Out of State Tax Liens: What you Need to Know Before you Bid

6/17/2025 12:00:00 AM


Investing in tax liens outside your home state can be a smart move-especially if you're looking for better returns, more inventory, or simply diversifying your portfolio. But before you jump into another state's auction, it's important to know exactly what you're getting into.

Every state-and sometimes every county-has its own set of rules, timelines, and quirks when it comes to tax liens. What works in your home state might not apply somewhere else, so doing your homework is key.

1. Redemption Periods Vary (A Lot)

One of the biggest differences between states is the redemption period-how long the property owner has to pay back the taxes (plus interest) before you can start the foreclosure process. Some states give owners just a few months, while others offer up to three years or more. That impacts your cash flow, risk, and how quickly you can turn a profit. So always check the local redemption rules before you bid.

2. Foreclosure Processes Aren't One-Size-Fits-All

The road to foreclosure also looks different depending on where you're investing. Some states have a judicial foreclosure process, meaning you'll need to go through the courts. Others are non-judicial, which can be faster but still require you to follow very specific procedures. Knowing the legal steps ahead of time helps you plan accordingly and avoid delays.

3. Remote Research Is a Must

If you can't drive by the property, you'll need to get good at online assessments. Use tools like Google Maps, Zillow, and local property appraiser or assessor websites. Some counties also provide GIS (Geographic Information Systems) that let you see property boundaries, structures, and even zoning data. A little extra research upfront can save you from bidding on a property that's burned down or landlocked.

4. Stay Compliant with Local Rules

Each county may have different requirements for bidders-especially if you're an out-of-state investor. You might need to register ahead of time, use a local address, or appoint someone to represent you legally. And don't forget about deadlines-miss one and your lien could be invalidated. Always read the auction rules carefully and, if possible, talk to someone at the tax collector's office for clarification.
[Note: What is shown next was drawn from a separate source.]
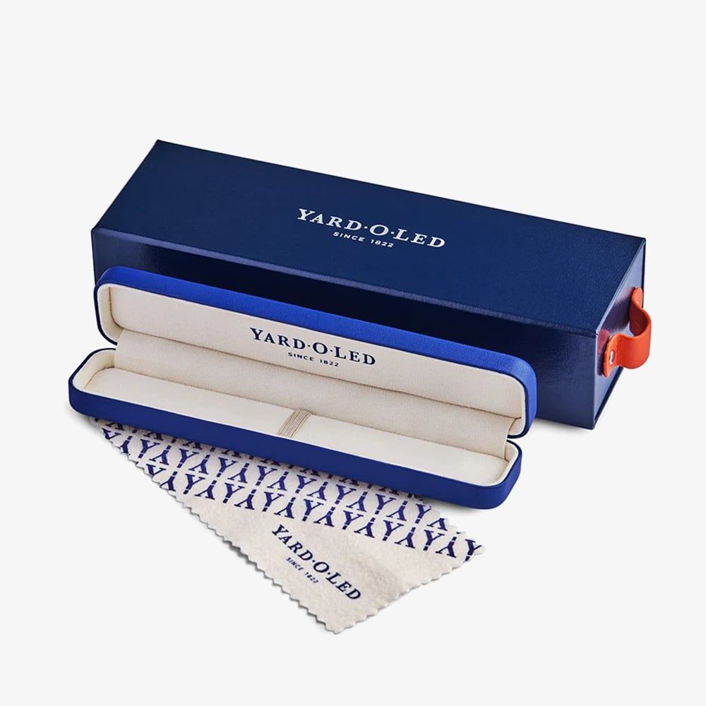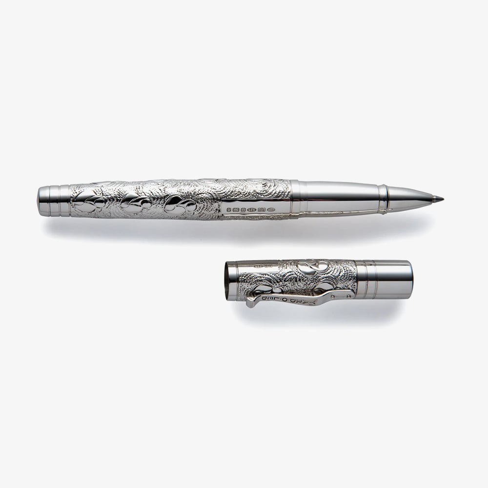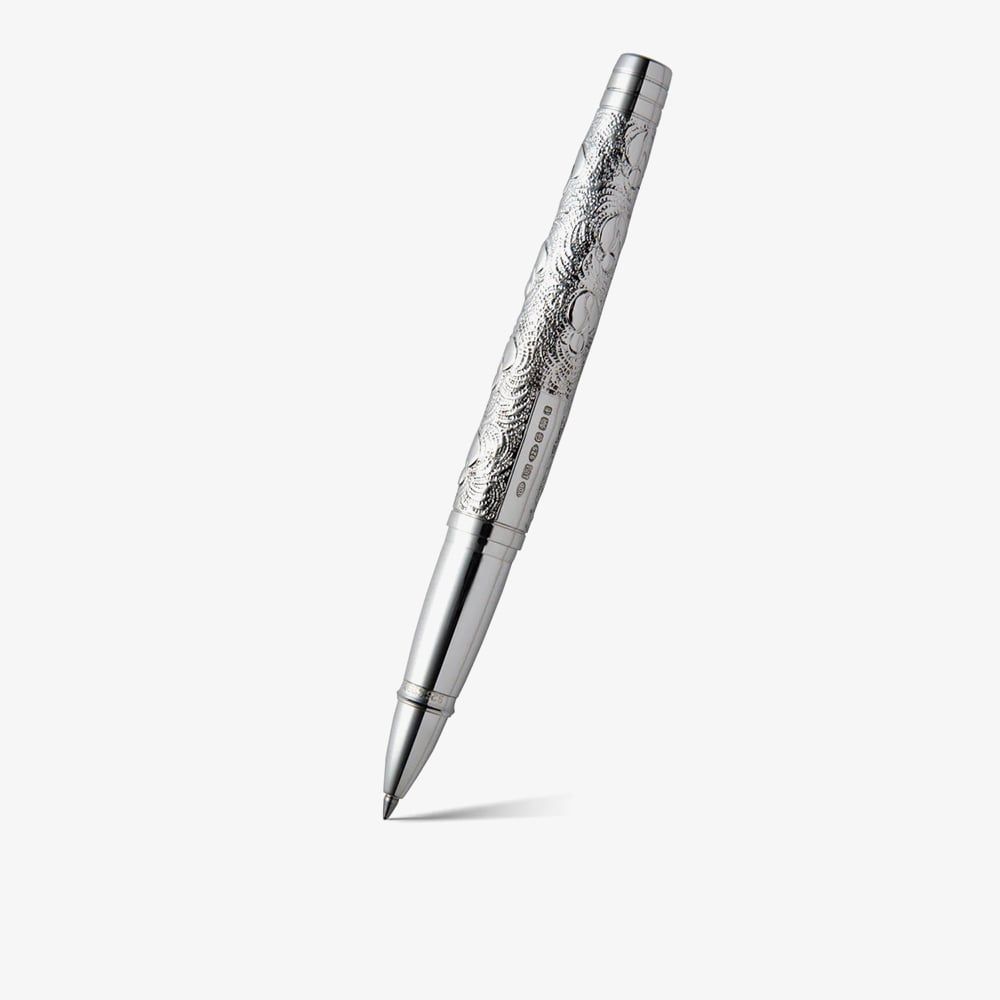 The Yard-O-Led Viceroy Grand Victorian Rollerball Pen is a true work of art, crafted from sterling silver and adorned with an intricate quilted pattern. Designed for the dedicated pen connoisseur, this pen is the epitome of elegance and sophistication. The Viceroy Grand offers impeccable balance, while its substantial dimensions exude a commanding sense of authority. Its Victorian-inspired design is brought to life through an extraordinary process: up to 3,000 hand-chasing taps by skilled silversmiths create the intricate pattern. This meticulous craftsmanship ensures that each pen is uniquely distinctive, with slight variations that make every piece one of a kind.

5. Consider a Local Contact

If you're serious about investing in another state, having someone local-whether it's a partner, agent, or attorney-can make things much smoother. They can check out properties in person, handle paperwork, or guide you through unfamiliar legal steps.

6. Don't Forget About Tax Implications

Each state has different rules for how your tax lien profits are reported-and how they're taxed. Make sure you understand how this fits into your overall tax strategy and consult with a CPA who's familiar with multi-state investing.

Out-of-state tax lien investing can open up a world of opportunity, but it's not something you want to rush into blindly. Understand the rules, do your research, and be prepared to operate like a local-even if you're bidding from miles away. With the right preparation, crossing state lines could be one of the smartest plays in your investment strategy.





This blog post is for informational purposes only and should not be relied upon as financial or investment advice. Real estate investments carry risk and individual results will vary. Always consult with your team of professionals before making investment decisions. The authors and distributors of this material are not liable for any losses or damages that may occur as a result of relying on this information.